Memory Monitor
About the memory limitations in the EVE system
EVE uses cgroups to limit the memory usage of different components of the system. In particular, EVE creates a dedicated cgroup "eve" to limit the memory usage of its main components. This cgroup is further divided into several sub-cgroups, including "eve/services", and, in particular, "eve/services/pillar".
So, a usual memory hierarchy in the EVE system looks like this:
$ tree /sys/fs/cgroup/memory/eve -d
/sys/fs/cgroup/memory/eve <--- is set from dom0_mem kernel argument, usually 800Mb (or 8GB for ZFS)

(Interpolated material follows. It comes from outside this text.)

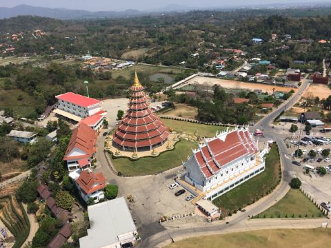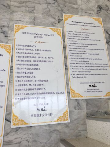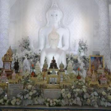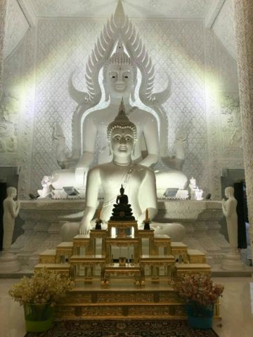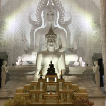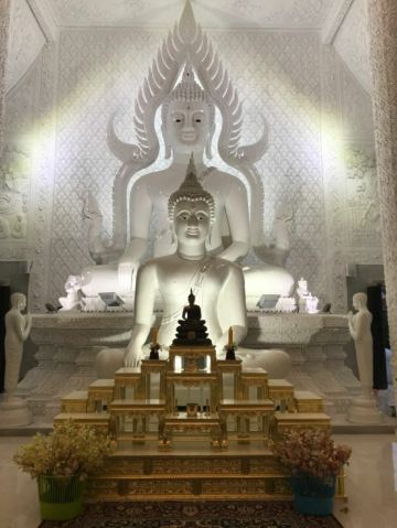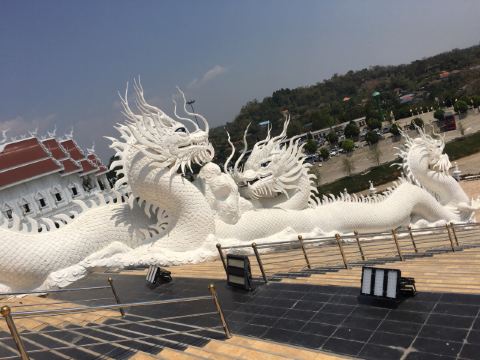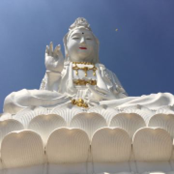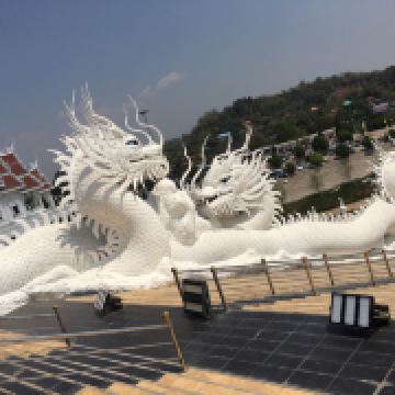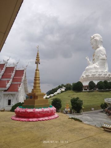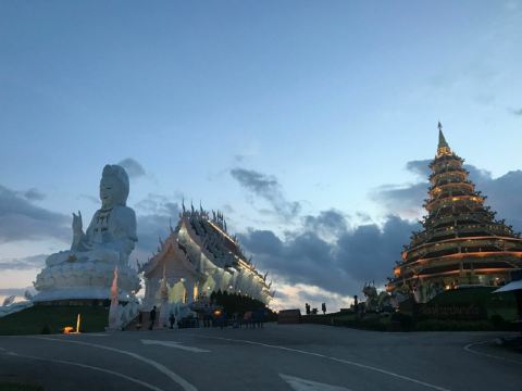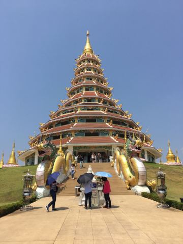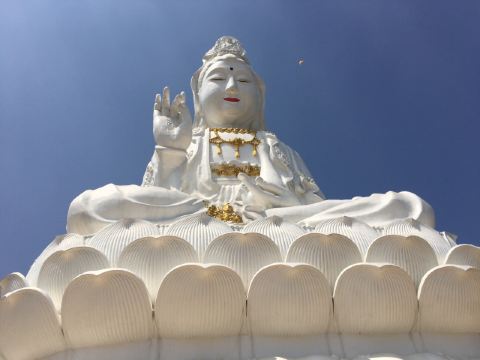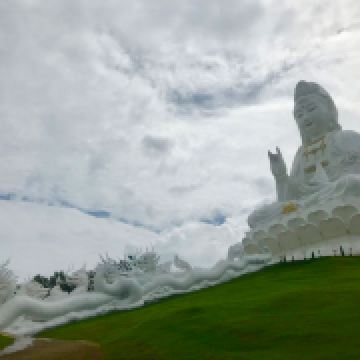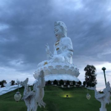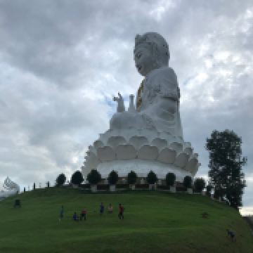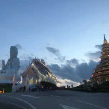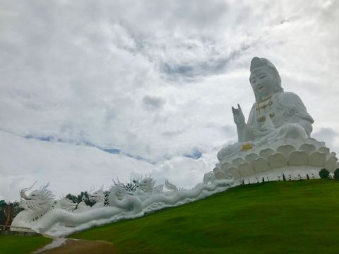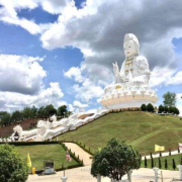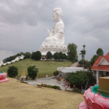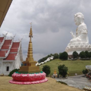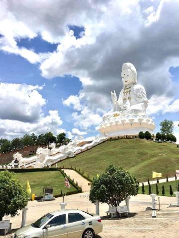 Wat Huai Pla Kung寺坐落在山上。这里主塔共有9层,通往九层塔的台阶两旁有两条中国龙,十分威严。里面有一个金黄的佛像,旁边还有童子站像,肃穆而安详。而主寺外面还建着一座巨大的白色莲花观音坐像以及雪白的小寺,很是引人注目。

├── containerd <-------------- is set from ctrd_mem kernel argument, usually 400Mb
└── services <---------------- is set from eve_mem kernel argument, usually 650Mb
├── <some services>
├── pillar <-------------- is set from eve_mem kernel argument, usually 650Mb
├── <some other services>
└── xen-tools
These limits are set within pkg/dom0-ztools/rootfs/etc/init.d/010-eve-cgroup
script. The "eve" cgroup limit is set according to the dom0_mem kernel
argument, and the "pillar" cgroup (along with the parent "services" cgroup
and all other sub-cgroups of "services" cgroup) limit is set according the
eve_mem kernel argument.
In its turn, the "pillar" cgroup encapsulates several processes, the most
important of which is zedbox:
$ for pid in $(cat /sys/fs/cgroup/memory/eve/services/pillar/cgroup.procs); do echo "CMD: $(cat /proc/$pid/cmdline | tr '\0' ' ')"; done
CMD: /bin/sh /init.sh
CMD: /bin/sh /opt/zededa/bin/device-steps.sh
CMD: /opt/zededa/bin/zedbox <--- zedbox process
CMD: /bin/sh /opt/zededa/bin/device-steps.sh
CMD: cat
CMD: dhcpcd: eth0 [ip4] [ip6]
CMD: dhcpcd: eth1 [ip4] [ip6]
CMD: /usr/sbin/ntpd -p pool.ntp.org
CMD: /opt/zededa/bin/dnsmasq -C /run/zedrouter/dnsmasq.bn1.conf
CMD: sleep 300
The other processes in the "pillar" cgroup are DHCP clients, NTP daemon, DNS server, and some other services.
RSS, cache, and the cgroup memory usage
Each cgroup contains a file that shows the memory usage of the cgroup:
/sys/fs/cgroup/memory/*/memory.usage_in_bytes. The same information is
used by the cgroup events subsystem to trigger events. The memory usage of
the cgroup is calculated as the sum of the memory usage of all processes
in the cgroup.
It is important to note that this value also includes cached memory. Cache is usually easy to reclaim, so it is not considered a problem if the cgroup memory usage is close to the limit. The problem arises when the Resident Set Size (RSS) of the process is close to the limit.
Unfortunately, the cgroup memory threshold events are triggered based on the
cgroup memory usage, which includes cache. During the threshold events handling,
we take into account the cache size, not to report false positives.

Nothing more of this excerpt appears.